Syria’s Kurds, meanwhile, said they looked set to send two delegations to the talks, one in the opposition camp and another with Assad’s representatives, to defend their minority’s interests.

There is also debate over which Middle Eastern countries should take part — beyond Syria’s neighbours who have taken in the overwhelming majority of the 2.4 million refugees from a war that to date has claimed over 126,000 lives.

There has been persistent wrangling over a role in the talks for Assad’s staunch ally Iran, also a leading backer of the Lebanese Shiite militia Hezbollah fighting alongside Syrian government forces.

Russia, a key backer of Assad’s regime, has sought to have Iran at the table, while Western nations are pushing for Saudi Arabia to take part.

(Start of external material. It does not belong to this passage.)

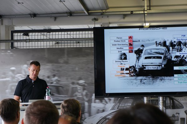 A driftről tartott eligazítás nagyszerű volt. Nem is csak azért, mert megpróbálták egész ügyesen összefoglalni elméletben, hogy mi a teendő annak érdekében, hogy hosszan faroljunk egy drága autóval (ami pedig gyerekes és felelőtlen dolog), hanem önmagában azért, mert volt ilyen program. A Porsche ezzel azt mondja, hogy igenis rendes, kemény, sportszerű és játékszerű használatra készíti az autóit, és nem bánja, ha ezt el is mondjuk másnak.
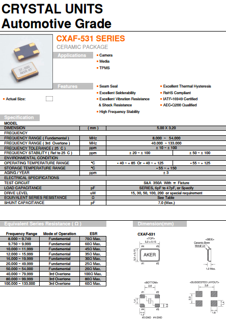 首頁臺產(chǎn)晶振AKER晶振,貼片石英晶體,CXAF-531臺灣晶振

Moscow’s strong support of the regime in Damascus was again highlighted Thursday when it blocked a US-sponsored UN Security Council statement denouncing Assad’s government for its brutal military offensive on the northern city of Aleppo, where scores of civilians have been killed in recent missile and “barrel bomb” attacks.

France said the indiscriminate air strikes on Aleppo amounted to war crimes.

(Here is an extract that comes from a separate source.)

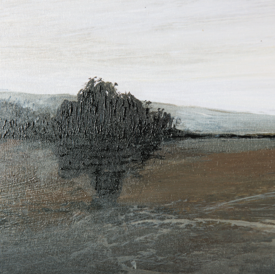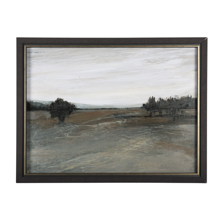 Cette œuvre, inspirée de la peinture à l'huile traditionnelle, représente un paysage abstrait aux teintes sombres et mystérieuses. Elle est encadrée d'un cadre foncé qui la met en valeur.

And French President Francois Hollande warned that the conference could not be a success if it confirmed Assad in power.

The meeting cannot be “an objective in itself”, he said on the sidelines of an EU summit in Brussels.

Saudi Arabia and fellow Sunni monarchies in the Gulf, such as Qatar, are major backers of the rebels in Syria’s civil war, which has morphed into a sectarian battle between Islam’s two main branches.

Whichever foreign countries take part, Brahimi has underscored that they will only be invited to the January talks’ opening day, before the Syrians meet.

The so-called Geneva II conference is meant as a follow-up to one held in June 2012, where world powers issued a call for a Syrian transition government.

But Syria’s warring sides failed to agree on whether Assad or his inner circle could play a role in the process, and amid spiralling fighting plans for Geneva II repeatedly were put on hold.

The January 22 session will in fact be held in Montreux, a city 90 kilometres (about 60 miles) northeast of Geneva.

The negotiations involving the two Syrian delegations and Brahimi will continue at the UN in Geneva on January 24 but it remains undecided how long they will last, his staff said.